Even after 12 years of developing enterprise ColdFusion applications, I’m still amazed that I hear statements like this. I recently left a job where I helped to build a highly scalable application for the financial industry using CF. Our team used EXTjs, MySql, and Railo as the CF parser. I am still ‘invested’ in this project, and so I was talking with the COO yesterday and he mentioned that there was another developer they were talking with who said … ‘Coldfusion is not scalable’. No explanation given… just that it wasn’t scalable. I was actually a bit irritated, and so I asked the COO to just ask him ‘Why?’.
The enterprise versions of Adobe Coldfusion, Railo, and OpenBlueDragon all come with built in clustering using J2EE session management. Adobe’s version 9 comes with Hibernate support built-in… and Railo is soon to follow suit. Companies like Etrade, NASA, GoldLeaf, Caterpillar… all use ColdFusion. All of the parsers support enterprise DBMs like Oracle, MSSQL, Postgres, and MySql. All of the parsers come with a form of memory caching.
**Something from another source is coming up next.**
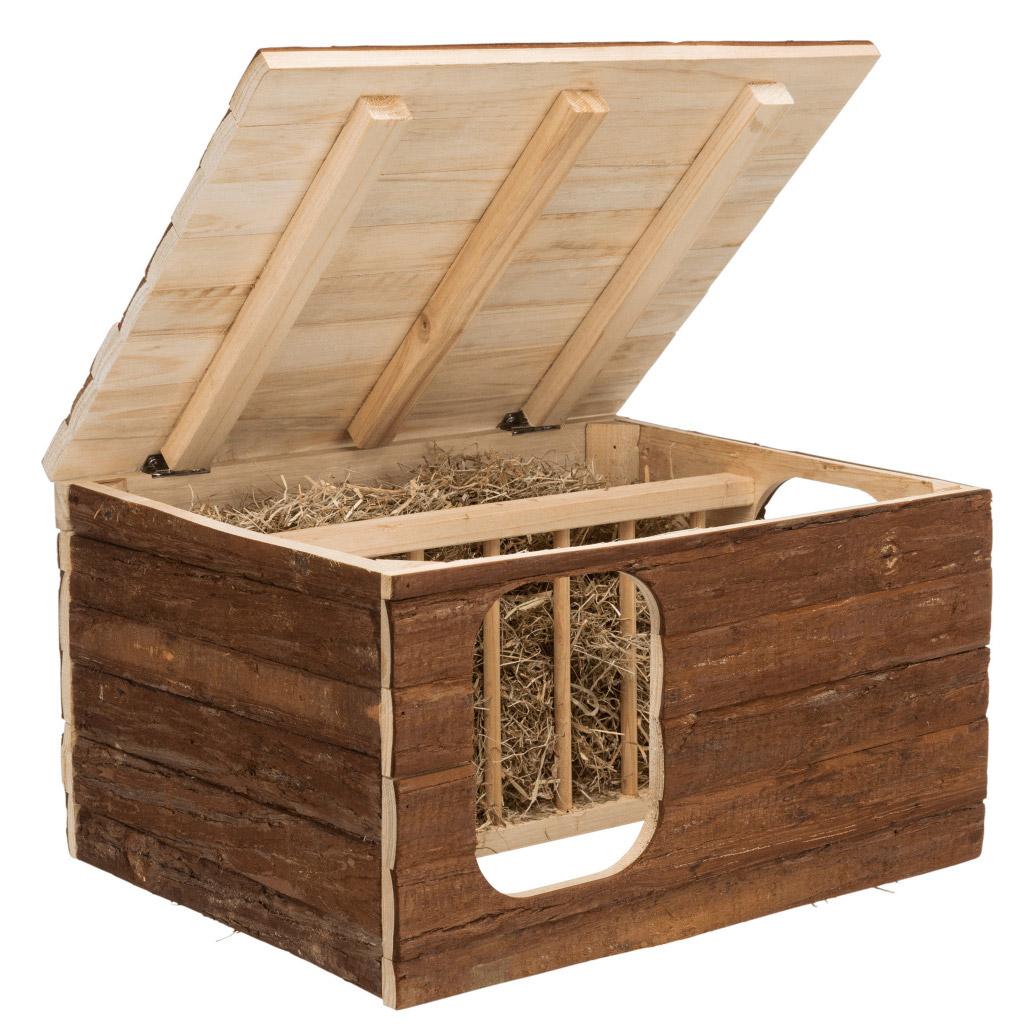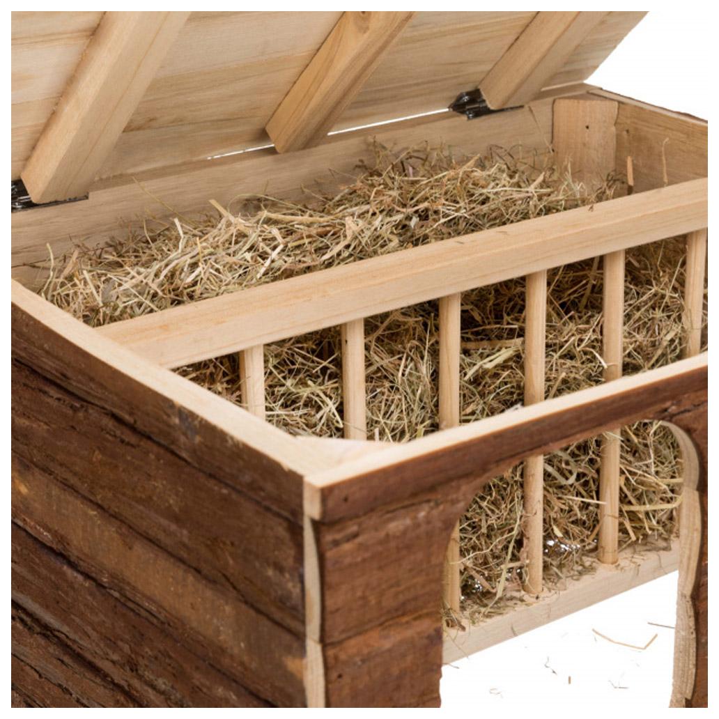 Fabricada em madeira natural, com telhado e orifícios de saída elevados para evitar que o feno seja retirado da casa. Facilita a limpeza e organização do espaço.

My only ‘guess’ is that he’s possibly talking about it not being financially scalable. Perhaps he doesn’t know that there are now 3 different open source CF parsers available? (openBlueDragon, Railo, Smith) Part of the reason why MySpace moved away from Coldfusion was primarily a licensing issue. Adobe ColdFusion licenses are not cheap, but they are justifiable. Even if he was talking about a financial scalability issue due to licensing… it’s just something that you build into your business model on the front end to make sure that you have the money available either through investment or financing.
Either way, we had already addressed the financial scalability issue by choosing Railo as the parser, and I built in my own clustered session management using in memory sessions backed up by persistent sessions in MySql. Combined with sticky sessions in Apache, a front end load balancer and simple MySql replication, and you have a pretty solid HA setup. It’s not J2EE, but it worked. We were also planning on rolling it into the cloud when we released it into production, and so those MySql servers would have had up to 32GB of RAM and 8 processor cores available to each of them (vertical scalability), with the web servers being horizontally scalable as much as needed. Down the road we could have always moved to MySql Clustering when it was actually needed, giving us true horizontal scalability. I’d say that’s pretty scalable.
My point is that it really is not the language that makes an application scalable. Certain tools can make it easier (Enterprise CF vs. Standard) … but it is really dependent on how the application is designed in the first place. Most of the HA scalability issues can (and should) be mitigated to the network and operating system layers rather than handling them within the application layer anyhow. Saying ‘Coldfusion is not scalable’ seems to me to be a real misunderstanding of how highly available applications are really built.